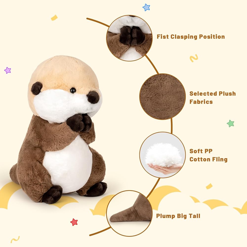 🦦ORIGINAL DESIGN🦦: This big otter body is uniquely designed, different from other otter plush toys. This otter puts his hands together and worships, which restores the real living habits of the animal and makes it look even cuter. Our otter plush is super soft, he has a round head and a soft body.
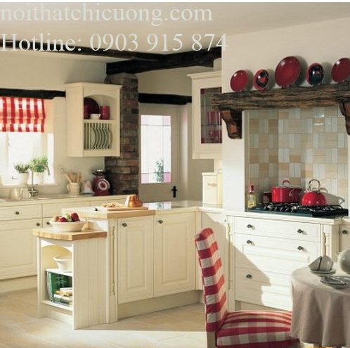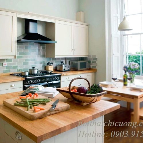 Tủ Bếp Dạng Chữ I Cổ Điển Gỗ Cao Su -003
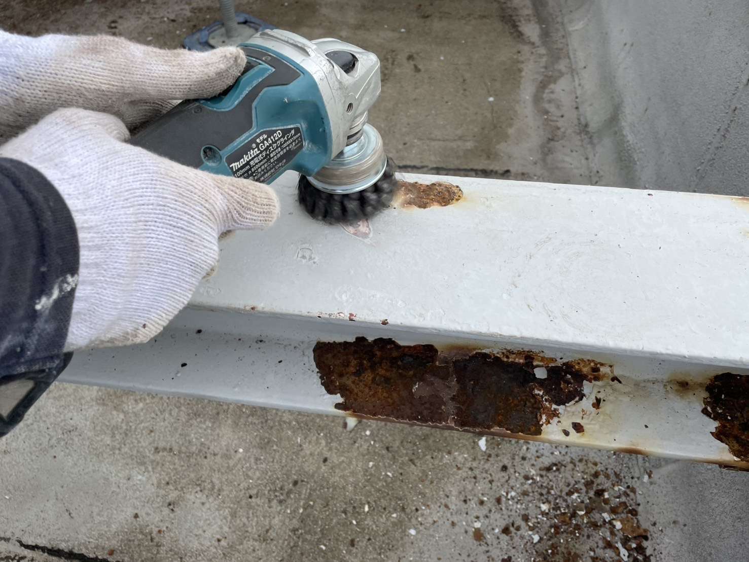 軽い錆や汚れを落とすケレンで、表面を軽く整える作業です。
- - - -
Reproduce exactly the lines from the one with "Tủ Bếp Dạng Chữ I Cổ Điển Gỗ Cao Su -003" to the bottom of the listing, both ends included, and nothing else. Skip the pictures.

▸ ANSWER TO THE PROBLEM
 Tủ Bếp Dạng Chữ I Cổ Điển Gỗ Cao Su -003
 軽い錆や汚れを落とすケレンで、表面を軽く整える作業です。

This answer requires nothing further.